##### Records for processing
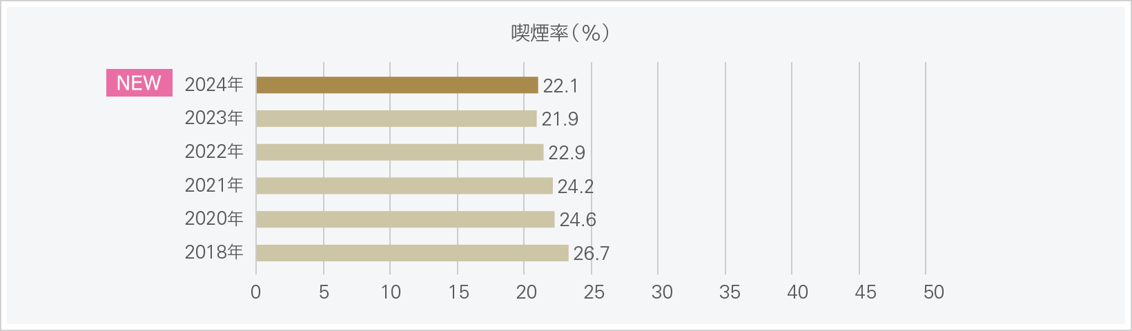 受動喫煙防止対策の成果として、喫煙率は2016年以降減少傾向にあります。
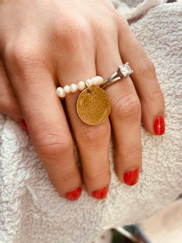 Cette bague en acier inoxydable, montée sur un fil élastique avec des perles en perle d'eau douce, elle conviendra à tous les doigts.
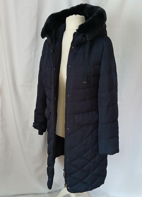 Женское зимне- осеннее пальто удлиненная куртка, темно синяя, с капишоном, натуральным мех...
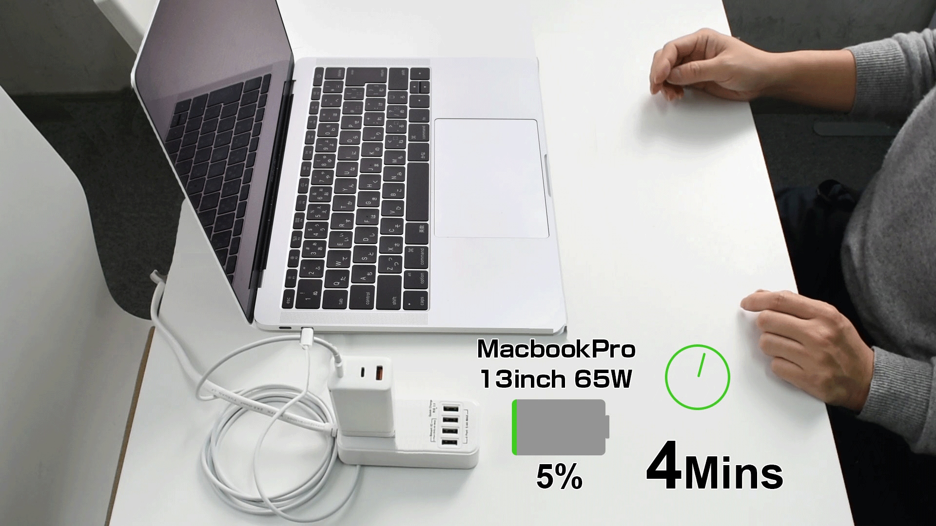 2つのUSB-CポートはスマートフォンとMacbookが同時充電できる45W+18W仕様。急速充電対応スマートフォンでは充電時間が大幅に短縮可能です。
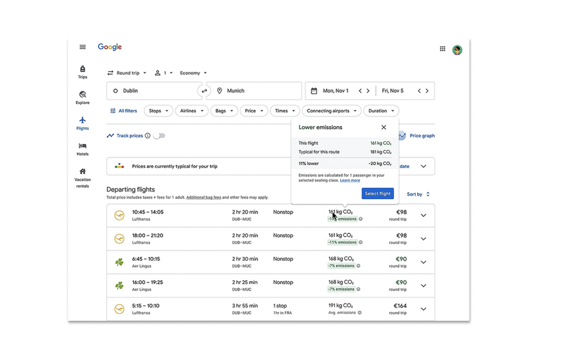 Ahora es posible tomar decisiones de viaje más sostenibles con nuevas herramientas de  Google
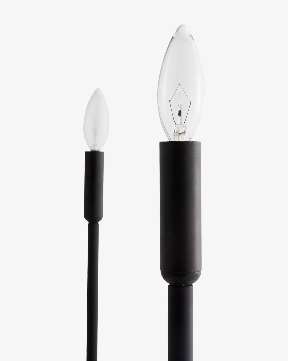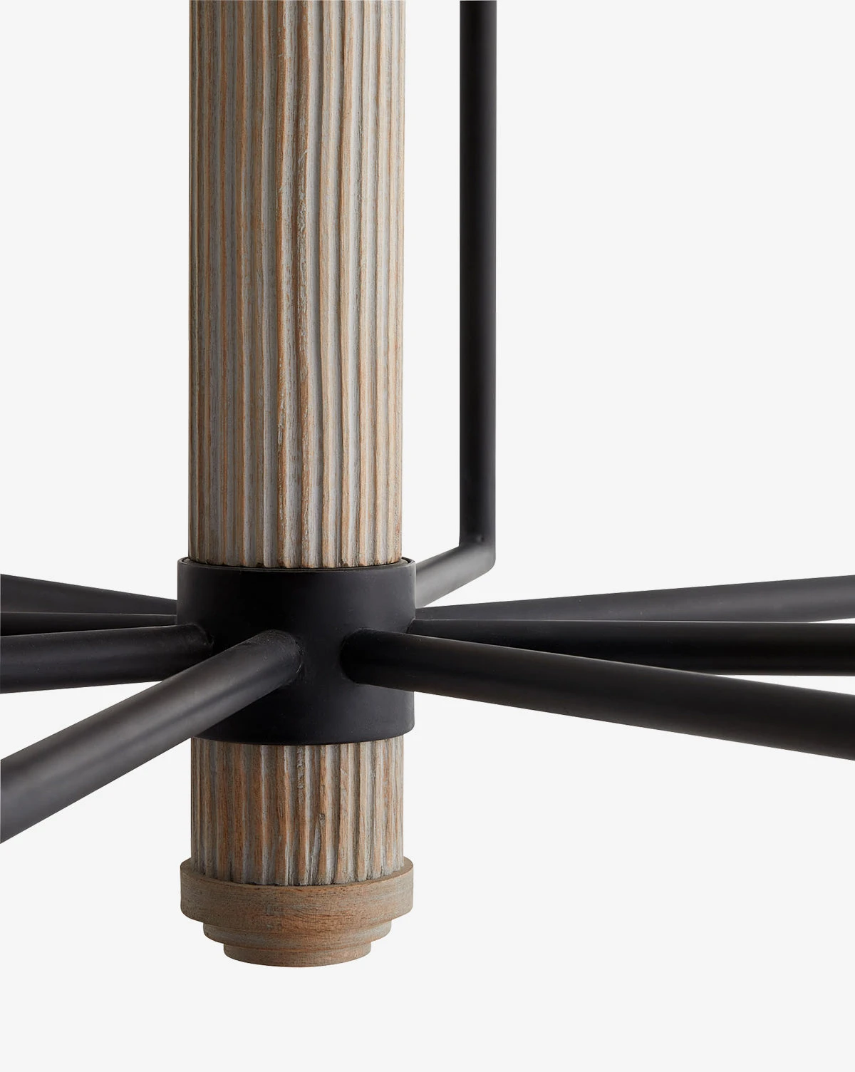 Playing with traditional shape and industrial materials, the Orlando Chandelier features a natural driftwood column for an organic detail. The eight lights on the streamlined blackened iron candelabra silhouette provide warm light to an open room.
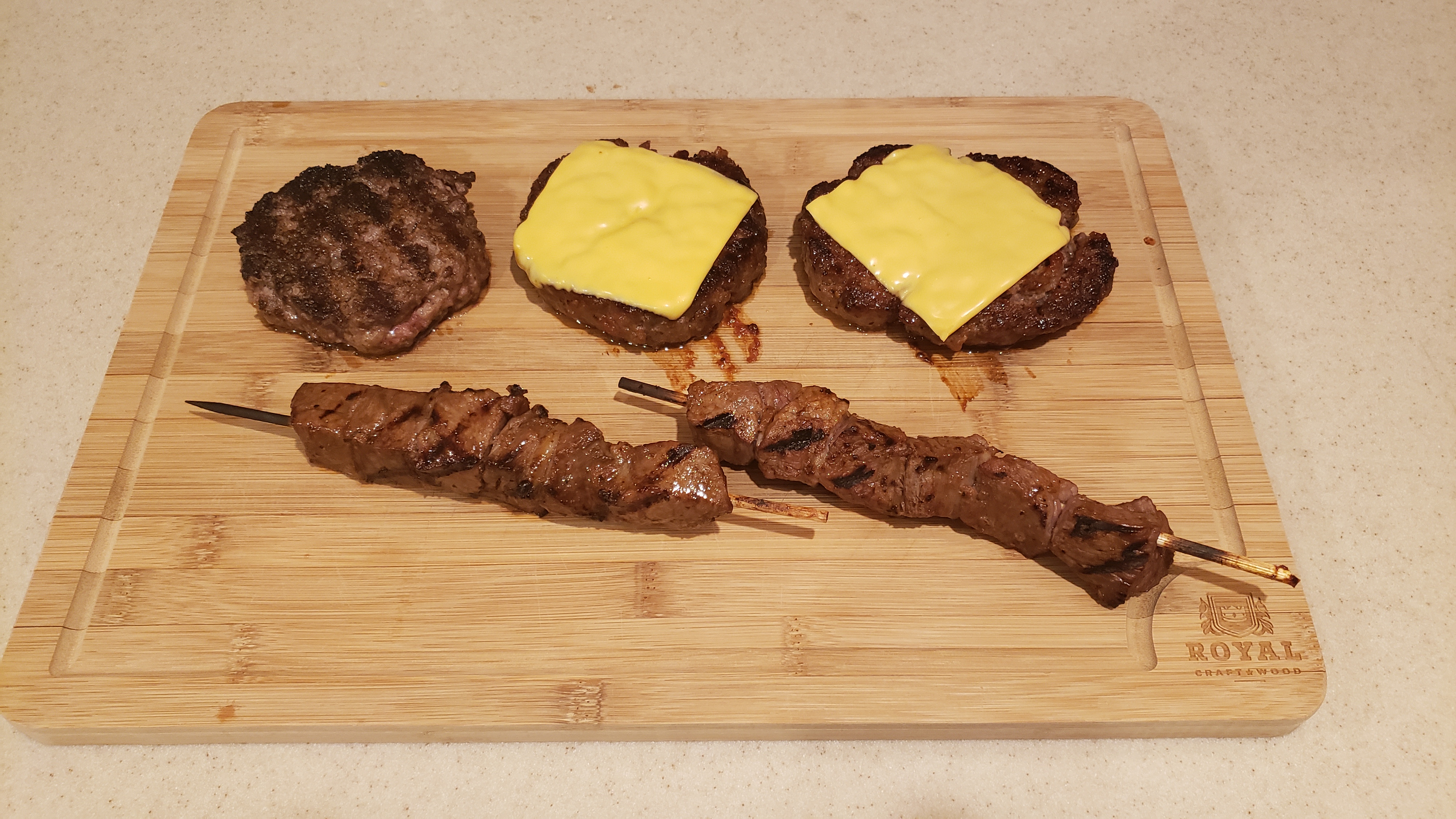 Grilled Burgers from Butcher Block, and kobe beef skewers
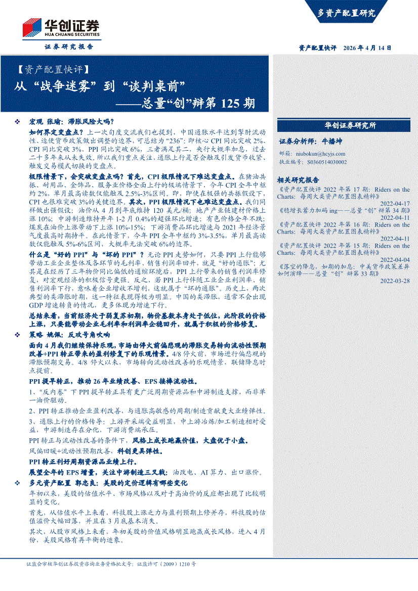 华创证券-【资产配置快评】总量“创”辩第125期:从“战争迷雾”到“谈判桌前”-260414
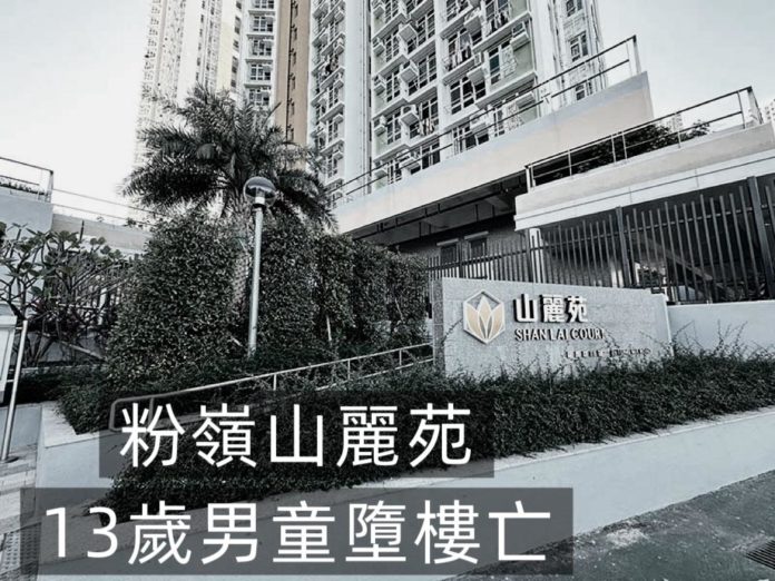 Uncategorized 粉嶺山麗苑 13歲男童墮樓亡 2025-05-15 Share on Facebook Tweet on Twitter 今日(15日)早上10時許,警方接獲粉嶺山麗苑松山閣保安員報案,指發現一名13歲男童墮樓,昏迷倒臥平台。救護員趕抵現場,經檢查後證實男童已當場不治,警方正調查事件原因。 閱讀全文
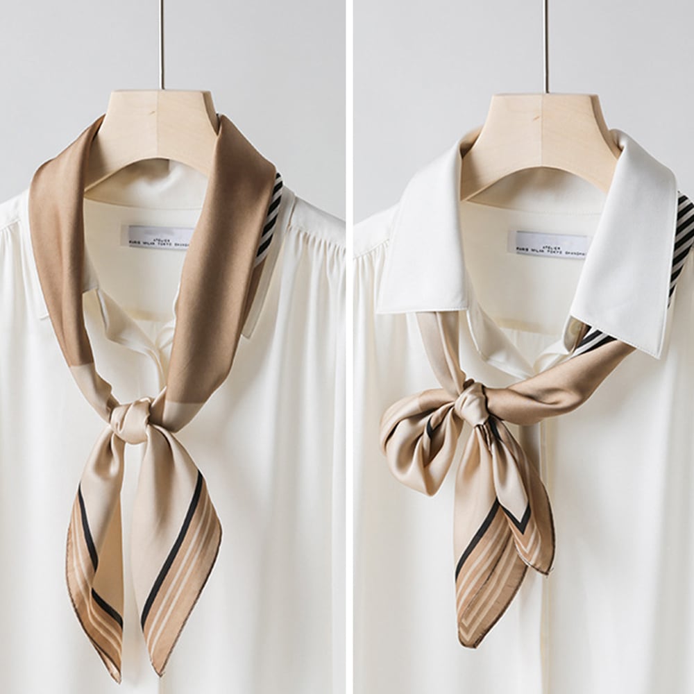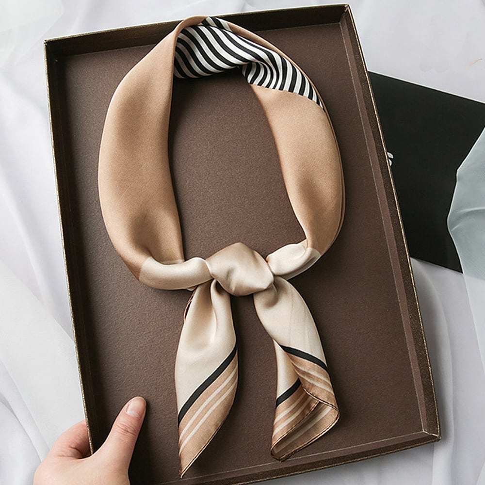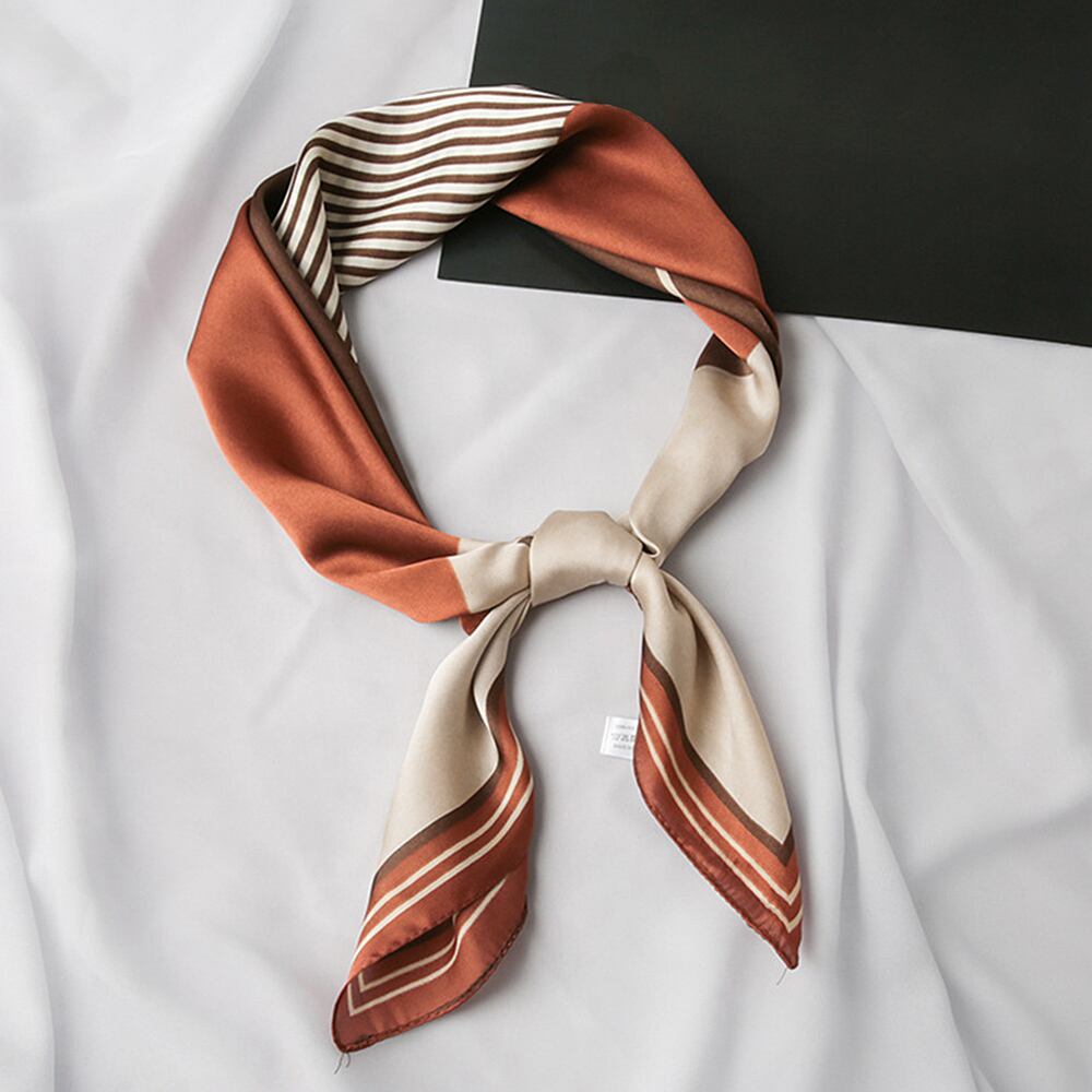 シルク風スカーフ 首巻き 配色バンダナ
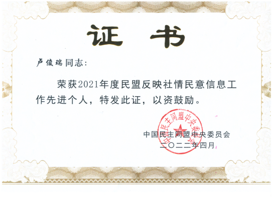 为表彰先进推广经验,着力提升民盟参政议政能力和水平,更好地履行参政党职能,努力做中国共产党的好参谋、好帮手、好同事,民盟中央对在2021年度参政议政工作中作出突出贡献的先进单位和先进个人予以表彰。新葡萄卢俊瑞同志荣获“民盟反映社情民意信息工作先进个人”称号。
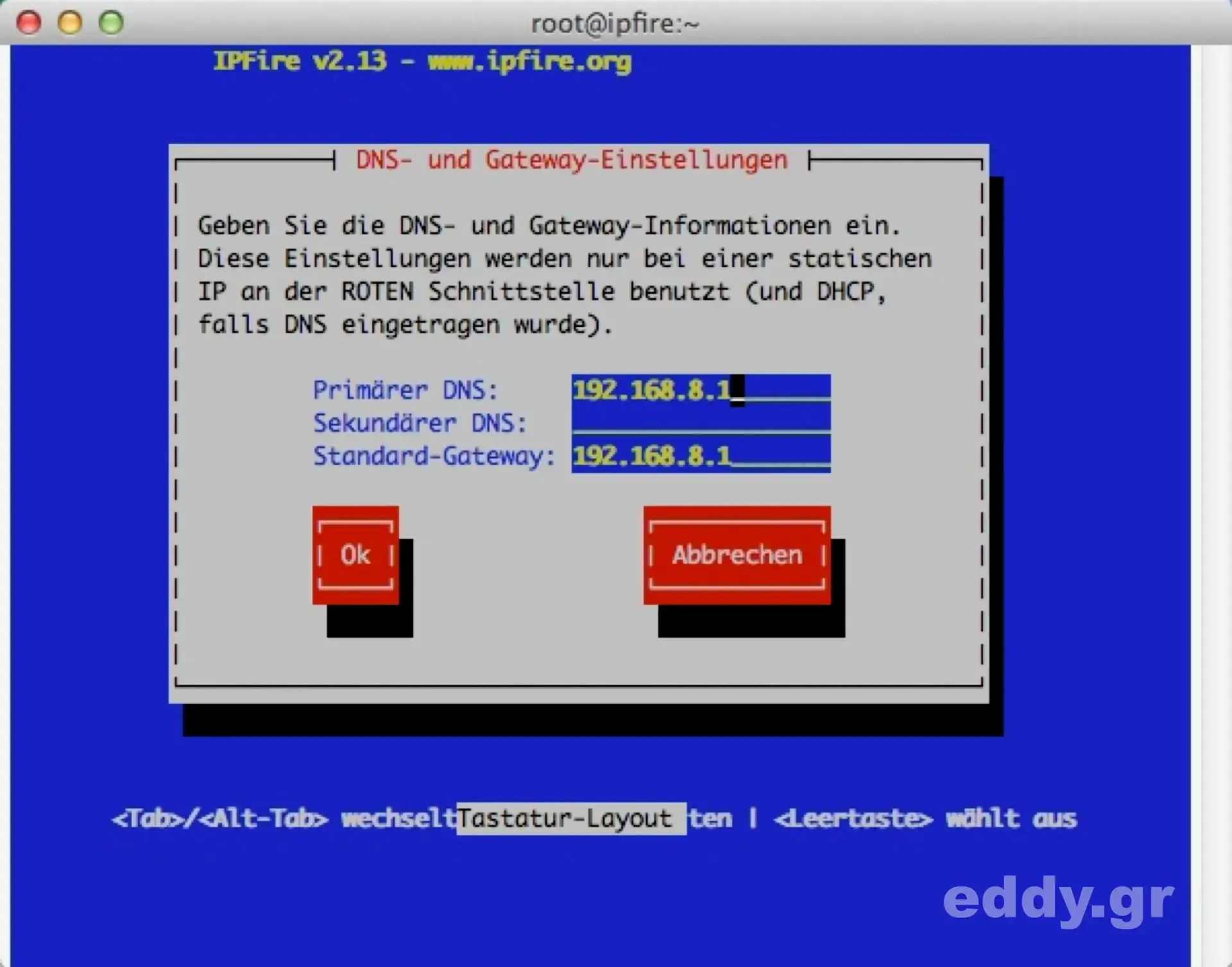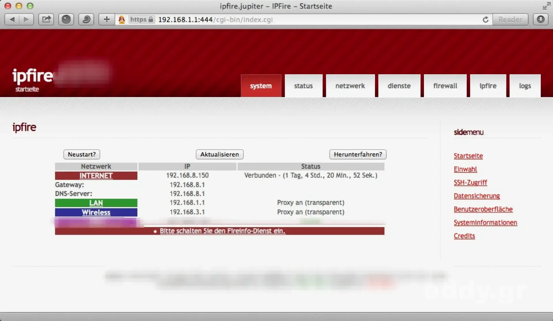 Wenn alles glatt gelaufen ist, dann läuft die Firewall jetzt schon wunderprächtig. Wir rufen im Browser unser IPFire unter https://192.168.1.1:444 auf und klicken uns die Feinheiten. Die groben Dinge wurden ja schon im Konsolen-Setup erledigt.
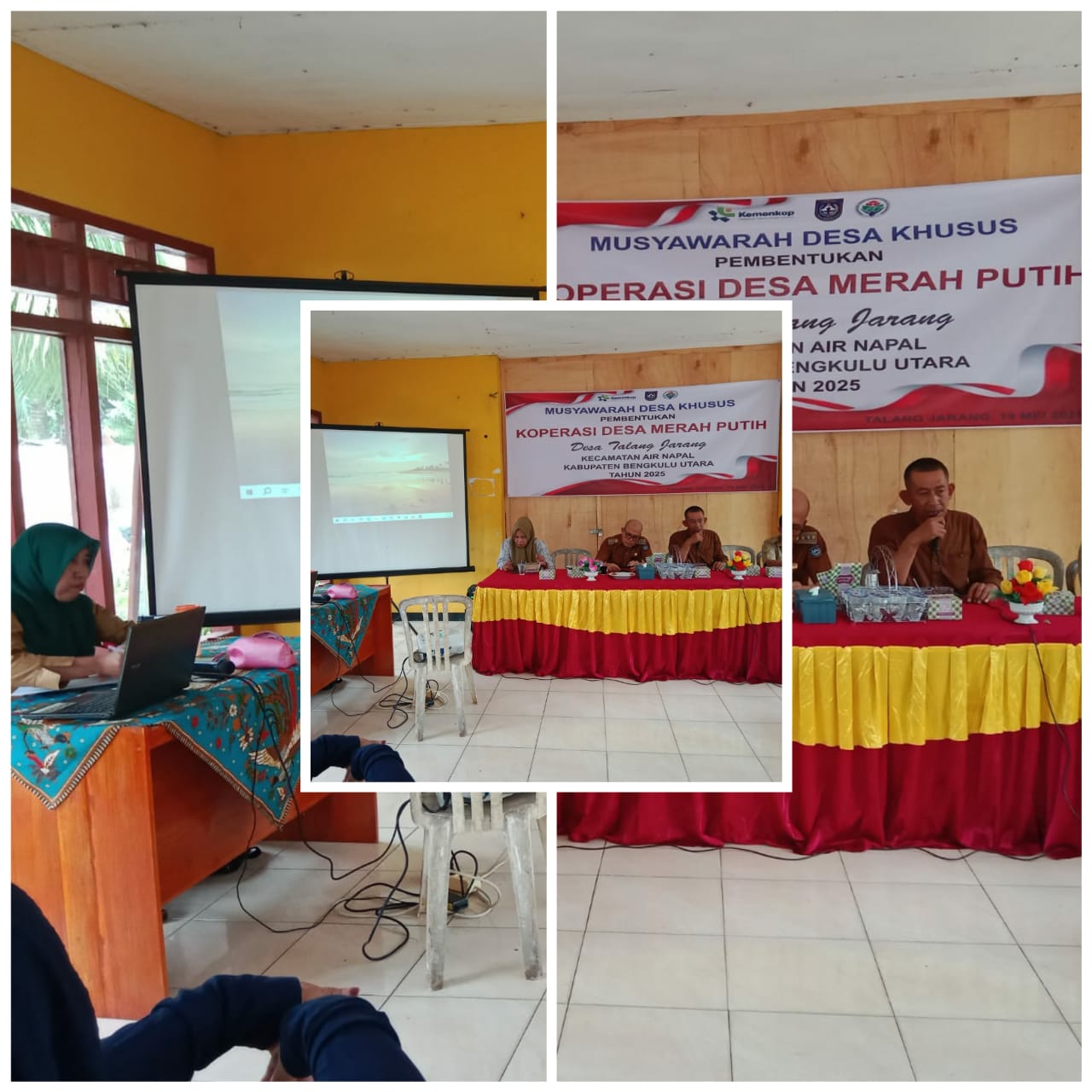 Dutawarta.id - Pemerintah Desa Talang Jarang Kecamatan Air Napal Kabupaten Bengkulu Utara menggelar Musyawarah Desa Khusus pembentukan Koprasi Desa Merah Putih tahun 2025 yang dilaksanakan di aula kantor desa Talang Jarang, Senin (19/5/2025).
##########
● Your assignment:
The expected result is the material restated word for word, minus any picture.

● Response box:
 受動喫煙防止対策の成果として、喫煙率は2016年以降減少傾向にあります。
 Cette bague en acier inoxydable, montée sur un fil élastique avec des perles en perle d'eau douce, elle conviendra à tous les doigts.
 Женское зимне- осеннее пальто удлиненная куртка, темно синяя, с капишоном, натуральным мех...
 2つのUSB-CポートはスマートフォンとMacbookが同時充電できる45W+18W仕様。急速充電対応スマートフォンでは充電時間が大幅に短縮可能です。
 Ahora es posible tomar decisiones de viaje más sostenibles con nuevas herramientas de  Google
 Playing with traditional shape and industrial materials, the Orlando Chandelier features a natural driftwood column for an organic detail. The eight lights on the streamlined blackened iron candelabra silhouette provide warm light to an open room.
 Grilled Burgers from Butcher Block, and kobe beef skewers
 华创证券-【资产配置快评】总量“创”辩第125期:从“战争迷雾”到“谈判桌前”-260414
 Uncategorized 粉嶺山麗苑 13歲男童墮樓亡 2025-05-15 Share on Facebook Tweet on Twitter 今日(15日)早上10時許,警方接獲粉嶺山麗苑松山閣保安員報案,指發現一名13歲男童墮樓,昏迷倒臥平台。救護員趕抵現場,經檢查後證實男童已當場不治,警方正調查事件原因。 閱讀全文
 シルク風スカーフ 首巻き 配色バンダナ
 为表彰先进推广经验,着力提升民盟参政议政能力和水平,更好地履行参政党职能,努力做中国共产党的好参谋、好帮手、好同事,民盟中央对在2021年度参政议政工作中作出突出贡献的先进单位和先进个人予以表彰。新葡萄卢俊瑞同志荣获“民盟反映社情民意信息工作先进个人”称号。
 Wenn alles glatt gelaufen ist, dann läuft die Firewall jetzt schon wunderprächtig. Wir rufen im Browser unser IPFire unter https://192.168.1.1:444 auf und klicken uns die Feinheiten. Die groben Dinge wurden ja schon im Konsolen-Setup erledigt.
 Dutawarta.id - Pemerintah Desa Talang Jarang Kecamatan Air Napal Kabupaten Bengkulu Utara menggelar Musyawarah Desa Khusus pembentukan Koprasi Desa Merah Putih tahun 2025 yang dilaksanakan di aula kantor desa Talang Jarang, Senin (19/5/2025).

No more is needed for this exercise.